Rappelez-vous : dans le dernier épisode, Marine Ferjois, petite mamie de 70 et quelques printemps, faisait la connaissance par “i-maïle” de Charles-Etienne, alias Nina Mesonzhnik, une ukrainienne atteinte d’un mal aussi mystérieux qu’incurable dont les dernières volontés consistent à léguer à un parfait étranger l’intégralité de son épargne, soit un bon million d’euros.

Hélas, tout ne s’est pas passé comme prévu pour mamie : après avoir confié à Charles-Etienne / Nina qu’elle était contrainte de venir chercher son argent sur les mains pour cause d’amputation des deux jambes, “CE” s’est rendu compte de la supercherie et n’a plus donné de ses nouvelles.

Pour cette nouvelle édition de “Correspondances d’Afrique”, on reprend (quasiment) les mêmes et on recommence : Harrison Faurde, l’illustre acteur, ou plutôt sa géniale contrefaçon, va prendre contact avec Charles-Etienne en prétextant avoir reçu un mail sur Viadeo…

Les Aventuriers de la correspondance perdue

Le pari est fichtrement osé. Charles-Etienne va-t-il capter direct la monstrueuse énormité ? Si c’est un fan d’Indiana Jones ou de Star Wars, on est foutus, mais qu’importe, osons !

La bouteille à la mer est lancée, ne reste plus qu’à attendre une réponse.
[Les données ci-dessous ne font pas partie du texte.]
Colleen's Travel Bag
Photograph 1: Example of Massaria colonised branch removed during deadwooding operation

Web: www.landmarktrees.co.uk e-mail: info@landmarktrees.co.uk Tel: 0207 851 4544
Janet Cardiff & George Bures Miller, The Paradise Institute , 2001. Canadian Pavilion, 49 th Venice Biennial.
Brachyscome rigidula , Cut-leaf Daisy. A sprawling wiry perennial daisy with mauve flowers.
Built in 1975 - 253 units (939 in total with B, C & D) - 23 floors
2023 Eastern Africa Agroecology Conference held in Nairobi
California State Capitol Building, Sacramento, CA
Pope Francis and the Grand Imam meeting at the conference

Comme d’hab, on reste soft au début, histoire de ne pas trop brusquer Nina.

Bingo, CE a mordu à l’hameçon ! Il ne semble pas connaitre l’ami Harrison. Tant pis pour lui. Comme CE a des consignes précises pour gagner en pigeonnage productivité, il fait un gros copié / collé en changeant simplement le prénom. Ça alors, quelle surprise.
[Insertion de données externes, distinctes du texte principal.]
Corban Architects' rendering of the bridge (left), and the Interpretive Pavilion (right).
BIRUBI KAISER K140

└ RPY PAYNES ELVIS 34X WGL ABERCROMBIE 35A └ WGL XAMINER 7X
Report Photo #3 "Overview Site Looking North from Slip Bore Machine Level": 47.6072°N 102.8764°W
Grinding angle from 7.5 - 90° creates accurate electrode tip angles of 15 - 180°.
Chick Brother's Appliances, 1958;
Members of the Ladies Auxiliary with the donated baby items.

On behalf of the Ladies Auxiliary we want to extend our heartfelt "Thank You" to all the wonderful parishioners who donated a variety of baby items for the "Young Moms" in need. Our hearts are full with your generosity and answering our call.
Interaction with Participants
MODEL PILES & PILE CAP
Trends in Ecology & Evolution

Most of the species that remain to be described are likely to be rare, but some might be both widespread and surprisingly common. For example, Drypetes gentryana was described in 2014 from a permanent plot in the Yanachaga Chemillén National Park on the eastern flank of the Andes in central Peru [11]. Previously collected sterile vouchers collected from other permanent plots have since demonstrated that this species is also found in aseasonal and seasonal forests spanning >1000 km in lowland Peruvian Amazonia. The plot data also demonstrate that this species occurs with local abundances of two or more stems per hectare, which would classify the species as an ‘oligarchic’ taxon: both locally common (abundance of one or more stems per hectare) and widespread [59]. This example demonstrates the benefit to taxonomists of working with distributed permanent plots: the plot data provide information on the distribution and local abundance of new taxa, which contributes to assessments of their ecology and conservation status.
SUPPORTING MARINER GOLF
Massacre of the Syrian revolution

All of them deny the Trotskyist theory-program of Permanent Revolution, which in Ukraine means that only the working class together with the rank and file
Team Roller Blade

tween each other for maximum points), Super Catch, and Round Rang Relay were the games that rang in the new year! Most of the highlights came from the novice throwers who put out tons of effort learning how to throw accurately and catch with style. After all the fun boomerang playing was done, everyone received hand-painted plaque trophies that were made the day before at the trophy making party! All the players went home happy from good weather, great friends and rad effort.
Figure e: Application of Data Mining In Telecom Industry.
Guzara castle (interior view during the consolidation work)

Harrison se prête au jeu et décrit un peu sa life. Trop gros, passera pas ? Nous verrons.

… Eh bien si, ça passe “crème” comme disent les d’jeuns. CE nous ressert un gros copié / collé indigeste, nous enjoignant à répondre à ses questions.

Harrison s’interroge, et pour cause ! Il évite de dire trop de conneries pour que CE ne s’interroge pas trop sur l’identité réelle de ce fringuant aventurier.

Je vous passe les copié / collé habituels de CE qui ne fait visiblement, à notre plus grande déception, guère d’effort pour être un tant soi peu original. Harrison tente quelques boutades…

… Et se présente à ce cher directeur par intérim, Henry MONTERO. On reste trankil pour éviter d’alarmer Momo. Il pourrait prendre peur.

Il est si fragile.

Henry répond fissa et nous sert la même bouillie. Sacré CE.

Harrison répond à son tour et tente quelques fantaisies en guise de paraphe, dont une carte d’identité complètement bidonnée sous ce bon vieux Toshop des familles.

La belle carte d’identité d’Harrison. Il pourrait presque devenir fraudeur, le bougre.


Malheureusement pour nous, Henry n’a jamais donné suite à cet email. CE s’est-il aperçu de l’effroyable tromperie ? Difficile à dire, ou alors a-t-il ferré un pigeon bien plus prometteur que ce relou de Harrison avec ses histoires archéologiques ubuesques.

Un bilan en demi-teinte donc, en partie imputable à la paresse de Charles-Etienne qui n’a guère fait d’efforts pour égayer notre journée.